The above appeared in a British newspaper while Wodehouse was still at the internment camp.
Wodehouse likely had little say in the matter; after all, did one really argue with the Nazis? Wodehouse complied, though his broadcasts were probably far from what the Nazis had in mind; with characteristic wit, Wodehouse made sport of the Nazis. After reading the transcripts, one British Air Marshal marveled that the Nazis had permitted Wodehouse to complete five broadcasts; “Why the Germans let him say all this I cannot think,” he observed, “They have either got more sense of humor than I credit them with,or it just slipped past the censor. Wodehouse has probably been shot by now.”

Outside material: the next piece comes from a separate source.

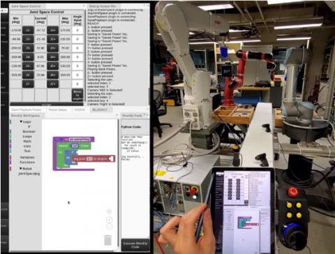 Teach pendant is the most common method to operate, control, and program industrial robots today. Despite its prevalence, current teach pendants for industrial robots are vendor specific and do not usually work with additional sensor inputs such as machine vision and force/torque sensors. There are now widely available open-source robotics software performing complex tasks, ranging from motion planning to sensor guided motion. Unfortunately, these capabilities are not readily incorporated into teach pendant operations, unless the robot vendor chooses to take the initiative.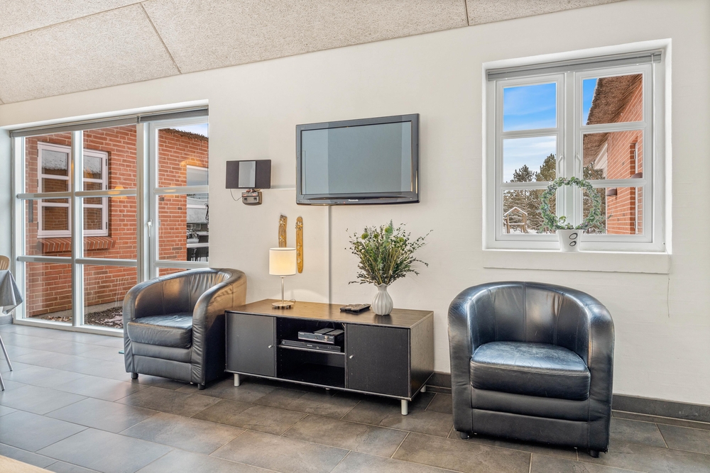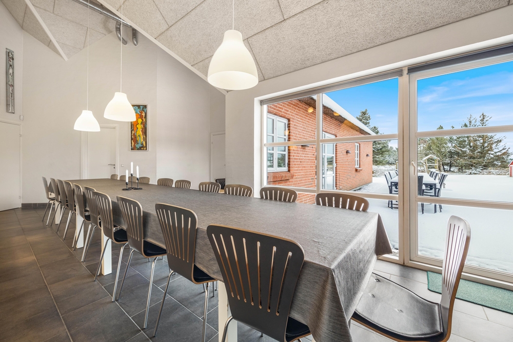 In der modernen Küche mit großzügigem Küchenblock in der Mitte, sieht man doppelt: für 22 Personen braucht es eine entsprechende Ausstattung. So findet ihr zwei Geschirrspülmaschinen, zwei Backöfen und zwei Kühlschränke. Auch eine Waschmaschine und ein Wäschetrockner wurden im Ferienhaus nicht vergessen. Trotz der großen Räume mit den luftigen hohen Decken, geht die Gemütlichkeit hier nicht verloren. Mit einem knisternden Feuer im Kaminofen könnt ihr es euch in einem der vielen Sessel oder Sofas so richtig ?hyggelig? machen.

The above was published in the ‘LA Times’ on December 27, 1940.
When Wodehouse’s countrymen found out about the broadcasts, they were furious. Even though they’d never head them, they were confident that Wodehouse had agreed to the task in exchange for favored treatment. People vociferously excoriated Wodehouse, and Milne was chief among his detractors. The furor soon grew into hysteria. Milne dismissed the possibility that Wodehouse had simply been naive, calling the author irresponsible. He said that Wodehouse “has encouraged in himself a natural lack of interest in ‘politics’–’politics’ being all the things grown-ups talk about at dinner while one is hiding under the table. Things, for instance like the last war, which found and kept him in America, and post-war taxes, which chased him back and forth across the Atlantic.”
Wodehouse was released in 1941. He was cleared of any wrongdoing but was unable to overcome the stigma that had tarnished his reputation. Wodehouse would exact some revenge in “The Mating Season” and “Rodney Has a Relapse,” where he mocks the literary insignificance of Milne’s work and points out that Milne had exploited his own young son to attain literary fame. Wodehouse also once admitted, “Nobody could be more anxious than myself…that Alan Alexander Milne would trip over a loose bootlace and break his bloody neck.”
Milne and Wodehouse never spoke again, and all evidence suggests that Milne held on to the grudge till the end of his life. Wodehouse, on the other hand, was able to let go. When he learned that Milne was ailing, he expressed regret and noted that Milne was “about my favorite author.” Regardless of how they felt about each other, both AA Milne and PG Wodehouse remain beloved figures in modern British literature.